> _Work required_
Only an exact copy of every record counts as an answer.

> _Material for this task_

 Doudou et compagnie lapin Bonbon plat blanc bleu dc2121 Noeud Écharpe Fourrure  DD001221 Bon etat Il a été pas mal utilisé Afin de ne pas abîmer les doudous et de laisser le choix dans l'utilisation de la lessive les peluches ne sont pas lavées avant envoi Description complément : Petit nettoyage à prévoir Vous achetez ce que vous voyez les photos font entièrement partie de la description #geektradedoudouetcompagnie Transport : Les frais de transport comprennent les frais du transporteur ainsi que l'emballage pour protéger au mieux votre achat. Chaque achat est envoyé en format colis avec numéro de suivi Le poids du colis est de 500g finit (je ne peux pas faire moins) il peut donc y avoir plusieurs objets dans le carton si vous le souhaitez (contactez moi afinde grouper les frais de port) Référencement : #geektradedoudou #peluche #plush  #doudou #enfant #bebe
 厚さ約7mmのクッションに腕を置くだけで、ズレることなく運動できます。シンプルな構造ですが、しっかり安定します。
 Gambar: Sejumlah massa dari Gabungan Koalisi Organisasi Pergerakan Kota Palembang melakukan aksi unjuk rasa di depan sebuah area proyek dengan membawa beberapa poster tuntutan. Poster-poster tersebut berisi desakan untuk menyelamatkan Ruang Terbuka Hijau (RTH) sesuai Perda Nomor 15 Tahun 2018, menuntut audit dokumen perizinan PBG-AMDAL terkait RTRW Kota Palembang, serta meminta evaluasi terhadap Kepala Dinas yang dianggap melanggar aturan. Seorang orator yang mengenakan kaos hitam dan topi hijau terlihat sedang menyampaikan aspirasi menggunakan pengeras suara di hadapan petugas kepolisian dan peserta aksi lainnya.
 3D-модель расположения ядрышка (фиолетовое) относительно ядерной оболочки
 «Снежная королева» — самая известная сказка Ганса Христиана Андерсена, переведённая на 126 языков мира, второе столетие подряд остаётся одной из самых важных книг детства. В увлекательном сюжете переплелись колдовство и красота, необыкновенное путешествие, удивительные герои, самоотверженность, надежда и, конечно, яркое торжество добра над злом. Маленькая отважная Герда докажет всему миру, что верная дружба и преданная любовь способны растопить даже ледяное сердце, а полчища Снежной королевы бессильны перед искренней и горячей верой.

> _Solution for this task_
 Doudou et compagnie lapin Bonbon plat blanc bleu dc2121 Noeud Écharpe Fourrure  DD001221 Bon etat Il a été pas mal utilisé Afin de ne pas abîmer les doudous et de laisser le choix dans l'utilisation de la lessive les peluches ne sont pas lavées avant envoi Description complément : Petit nettoyage à prévoir Vous achetez ce que vous voyez les photos font entièrement partie de la description #geektradedoudouetcompagnie Transport : Les frais de transport comprennent les frais du transporteur ainsi que l'emballage pour protéger au mieux votre achat. Chaque achat est envoyé en format colis avec numéro de suivi Le poids du colis est de 500g finit (je ne peux pas faire moins) il peut donc y avoir plusieurs objets dans le carton si vous le souhaitez (contactez moi afinde grouper les frais de port) Référencement : #geektradedoudou #peluche #plush  #doudou #enfant #bebe
 厚さ約7mmのクッションに腕を置くだけで、ズレることなく運動できます。シンプルな構造ですが、しっかり安定します。
 Gambar: Sejumlah massa dari Gabungan Koalisi Organisasi Pergerakan Kota Palembang melakukan aksi unjuk rasa di depan sebuah area proyek dengan membawa beberapa poster tuntutan. Poster-poster tersebut berisi desakan untuk menyelamatkan Ruang Terbuka Hijau (RTH) sesuai Perda Nomor 15 Tahun 2018, menuntut audit dokumen perizinan PBG-AMDAL terkait RTRW Kota Palembang, serta meminta evaluasi terhadap Kepala Dinas yang dianggap melanggar aturan. Seorang orator yang mengenakan kaos hitam dan topi hijau terlihat sedang menyampaikan aspirasi menggunakan pengeras suara di hadapan petugas kepolisian dan peserta aksi lainnya.
 3D-модель расположения ядрышка (фиолетовое) относительно ядерной оболочки
 «Снежная королева» — самая известная сказка Ганса Христиана Андерсена, переведённая на 126 языков мира, второе столетие подряд остаётся одной из самых важных книг детства. В увлекательном сюжете переплелись колдовство и красота, необыкновенное путешествие, удивительные герои, самоотверженность, надежда и, конечно, яркое торжество добра над злом. Маленькая отважная Герда докажет всему миру, что верная дружба и преданная любовь способны растопить даже ледяное сердце, а полчища Снежной королевы бессильны перед искренней и горячей верой.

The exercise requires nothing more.